Solactive CMO Timo Pfeiffer told Off the Record that autocallable ETFs use bank notes via swaps and index rules to target 8–10% yield but can lose value if the underlying drops about 30–40%.

Timo Pfeiffer, chief marketing officer at Solactive, described autocallable ETFs as funds that replicate bank-issued autocall notes using swap agreements and rule-based indices. The structures aim to pay higher annual income, commonly around 8–10%, while exposing investors to large losses if the underlying index falls past a preset barrier, often in the 30–40% range.

The funds follow a set schedule of observations, usually once a year. If the index is at or above the trigger level on an observation date, the product can pay principal plus the coupon for the period and end early. If the trigger is not met, the strategy continues to the next observation, typically until a multi-year maturity such as five years.

Issuers generally do not place individual structured notes inside the ETF. Instead, they enter swaps with banks that provide the autocall payoff profile. An index defines the observation dates, trigger rules and coupon calculations, and automates monitoring and rebalancing. Pfeiffer described the index as “the engine behind it.”

Pfeiffer said the autocallable ETF trend started in the United States about a year earlier and has spread to Canada and Europe.
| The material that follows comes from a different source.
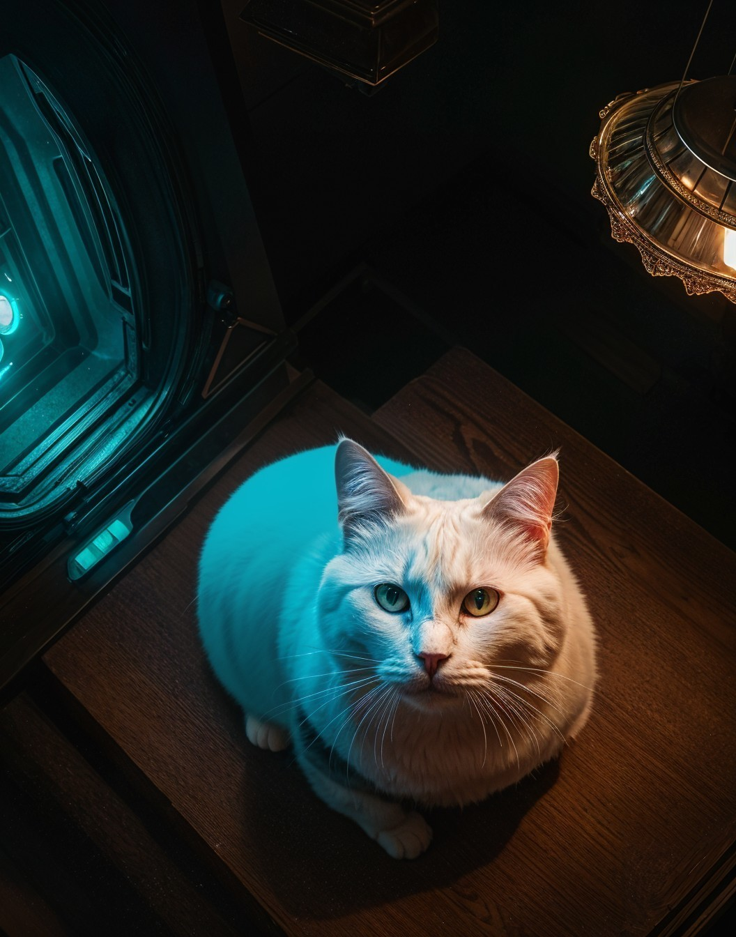 A white cat with striking eyes sits under a warm light, casting elegant shadows on a dark wooden surface.

He cited the wider option-based ETF category at roughly $300 billion in assets and noted individual large products that have tens of billions. By comparison, banks issued about $140 billion of autocall notes in 2025, while assets in autocallable ETFs remained on the order of a few billion dollars.

The ETF wrapper changes the investor experience compared with buying single bank notes. A fund can spread exposure across issuance dates and strike levels, offering diversification versus selecting one of thousands of listed notes. ETFs provide exchange listing and intraday liquidity and present a single regulatory and operational structure that advisers and platforms can use more easily. Pfeiffer noted retail investors in some markets face thousands of individual autocall listings; he gave about 15,000 as an example for Germany.

Autocallable ETFs tend to perform best in mildly positive equity markets, where small gains trigger coupons and early redemptions. In a strong bull market, a direct equity allocation can outperform. A sharp market drop that breaches the downside threshold will produce losses for holders. Pfeiffer warned, “There is a downside risk that you are accepting.”

Historically, structured autocall notes were sold through retail channels, private banks and wealth managers. The ETF format may broaden access by simplifying distribution and lowering per-investor costs, but tax rules and market structure differences between regions will affect adoption. Pfeiffer also said the approach could be applied to other underlyings over time, though equity indices are likely to remain the largest share.